Дунькин пуп (Александров) - страница 5

Казалось, еще один миг, и в морозном пару, громыхая по полу палашом, к стойке подойдет пристав. Твердой уверенной походкой, подметая пол шинелью, проберется к хозяйке шинка, залпом опрокинет угодливо поданную граненую рюмку «Смирновской» и, залихватски крякнув, утрет ладонью рыжие в сосульках усы. В зале шум, гомон. За смолистыми столиками сидят выпившие и трезвые таежные люди.

«Так вот она какая, Дунькина заимка! — удивленно огляделся Шепелев. — Сколько лет прошло, а ангелочки летают».

Он прошел в глубину залы. За ней показались узкие, крохотные, как кельи, комнатенки. Все они расположились, словно приклеились к остаткам огромной, давно рассыпавшейся от времени печи.

Шепелев наклонился и поднял кирпич. Его поразили непривычные размеры — чуть подлиннее и тоньше нынешних. Сквозь въевшуюся копоть проглядывало товарное клеймо: «Товарищество Сыромятников и Сы…»

«Красиво жить не запретишь, — усмехнулся оперативник. — Кирпичи и те черт его знает откуда ей привозили. Видишь, какое дело, в одном клейме три «Сы…». Сыромятников, Сызрань и сыновья!»

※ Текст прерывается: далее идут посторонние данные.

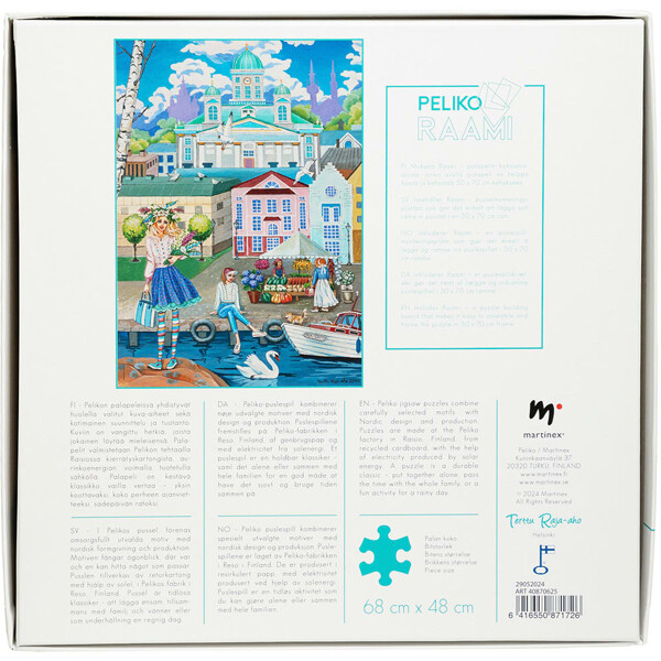 Das Motiv zeigt unter anderem die prächtige Kathedrale, das Parlamentsgebäude, Stadtbewohner am Steg, Marktplätze und Vögel. Peliko-Puzzles werden in Finnland aus Recyclingkarton und mit Hilfe von Solarstrom hergestellt. Die Größe des fertigen Puzzles beträgt 68 x 48 cm.

За спиной послышались тяжелые шаги. Шепелев повернулся. В дом вошел таежник.

— Впервой тут?

— Не доводилось здесь бывать, Ефрем Пантелеевич.

— Поднимайся наверх. Вишь сбоку лестница. Там можно покедова остановиться. Камелек есть. Камора, правда, маленькая, зато теплая.

— Так недосуг нам, Ефрем Пантелеевич, останавливаться. Сейчас карабин твой отыщем, да обратно пора ехать.

— Шустрые вы, молодые. Дело наше неспешное — пока чаю попьем, твой молодший мотор отремонтирует, а там, глядишь, и ночь будет.

— А что с мотором? — нахмурился Шепелев.

— Электричество пулей перебило.

— Э, чертовщина! — в сердцах воскликнул Шепелев.

— Не понос, так золотуха! Вечно что-нибудь прихватит…

Старик направился к лестнице. Мерно заскрипели под его грузной фигурой дряхлые ступени. На пол посыпалась какая-то шелуха. Шепелев пошел за ним.

В крохотной комнатке стоял, скособочившись, стол на точеных ножках да несколько суковатых чурбаков. На полу охапка сухой травы.

Ефрем Пантелеевич скинул полушубок и стал засовывать хворост в «буржуйку».

— Камелек-то недавно топлен, — глубокомысленно заметил, не разгибаясь. — Зола еще теплая.

Шепелев подошел к печке и прикоснулся рукой к ржавой трубе.

— Не похоже, что топили, Ефрем Пантелеевич!

Тот ничего не ответил. Видимо, не считал нужным обсуждать с этим, хоть и оперативником, но молодым парнем, верность своих примет. Не хочет верить — его дело… Опыт таежной жизни не за один день приходит. Научится еще…

Ефрем Пантелеевич раскрыл невидимый в полумраке комнаты шкафчик и достал из него чайник, огарок свечи. Комната озарилась колышущимся светом. По углам черной от копоти клетушки заметались таинственные тени.